In vivo induced clpB1 gene of Vibrio cholerae is involved in different stress responses and affects in vivo cholera toxin production

Abstract

Previously in global transcription profile approach one of the cosmid clones of Vibrio cholerae containing the genes pnuC, icmF, and a fragment of clpB2 showed higher expression in V. cholerae grown inside rabbit intestine. In the present report, both the stress responsive clpB genes of V. cholerae O395 were cloned, clpB1 from chromosome I and clpB2 present in chromosome II. From the Northern blot hybridization it was observed that the level of transcription of clpB2 was very low which could be due to the weak promoter strength of clpB2 as predicted in silico. The deduced amino acid sequence showed that clpB1 possesses features typical of the ClpB ATPase family of stress response proteins. The clpB1 gene showed about three times higher expression under in vivo condition than in vitro. Increased expression of clpB1 gene was also observed at high temperature, high salt, and in the condition mimicking human intestine viz., 37 °C, pH 8.5, 300 mM NaCl, which is known to be the repressive condition for ToxR, the global transcriptional regulator of virulence in V. cholerae.
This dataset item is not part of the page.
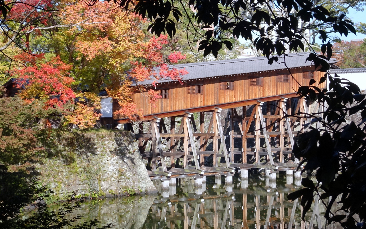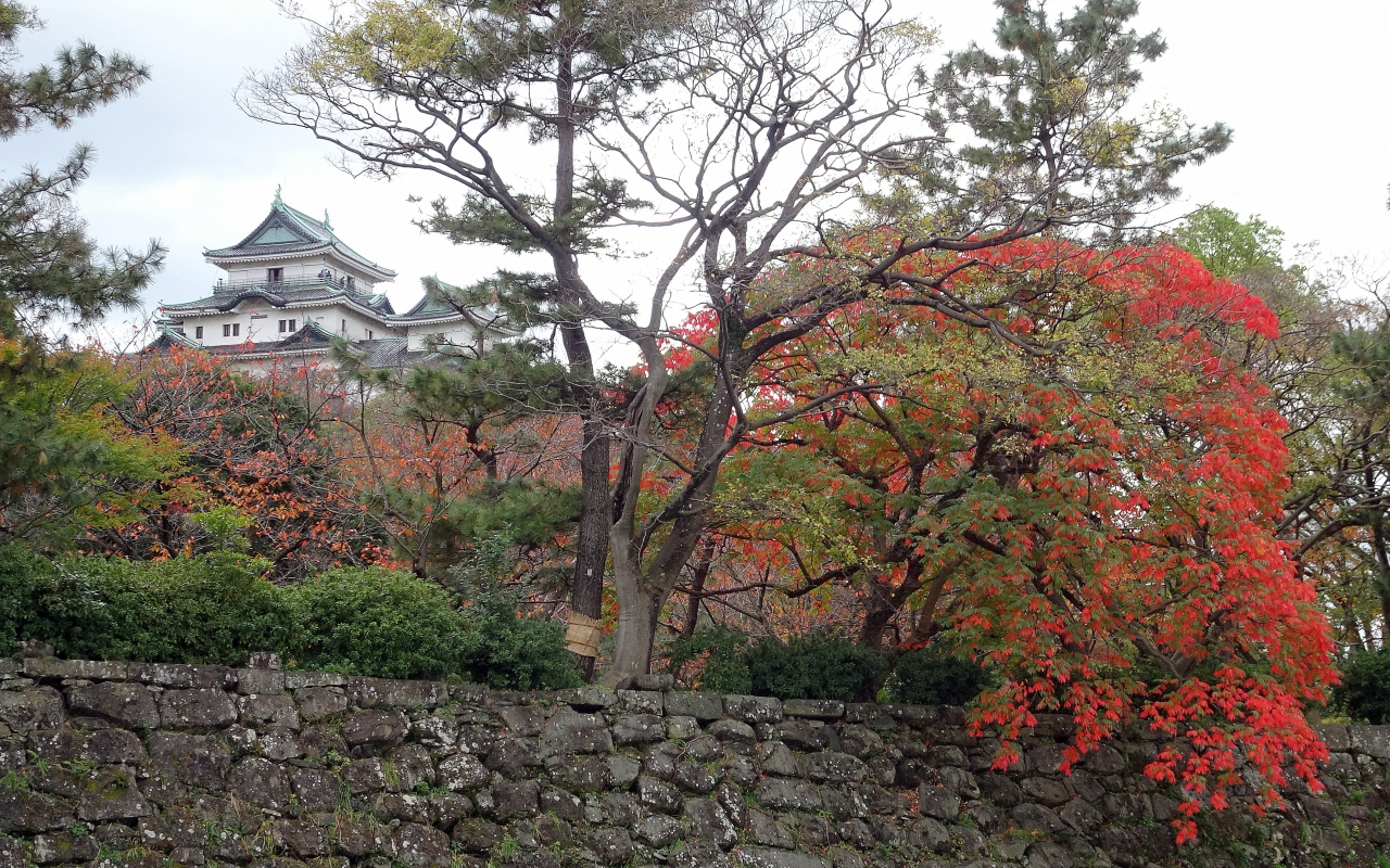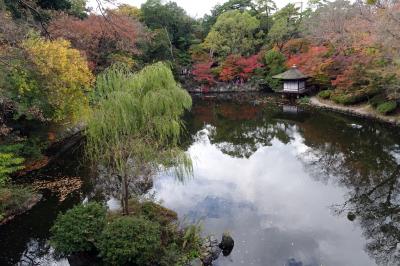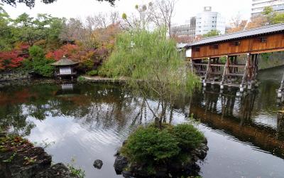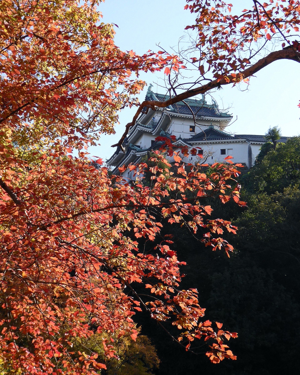 和歌山城の西之丸庭園は,通称「紅葉渓庭園」と呼ばれ,和歌山市内の紅葉の名所となっています。紀州藩初代藩主徳川頼宣が隠居所の御殿と共に築いた池泉回遊式庭園。虎伏山の斜面を利用して沢や池を作り,御橋廊下で区切られた内堀を大きな池に見立て,釣殿風の建物「鳶魚閣」や「柳島」を配置した,趣のある庭園です。紅葉に囲まれた「上の池」や内堀とそこに浮かぶ「鳶魚閣」の姿を,様々な角度から写真におさめることができました。

The clpB1 insertion mutant showed increased sensitivity towards high temperature, oxidative stress, and acid pH. ClpB1 also conferred thermotolerance to V. cholerae. These effects could be reversed by complementation. Although clpB1 appeared not to be under the control of virulence regulatory cascade of V. cholerae, the CT production was reduced in clpB1 mutant when tested in vivo in an infant mice model.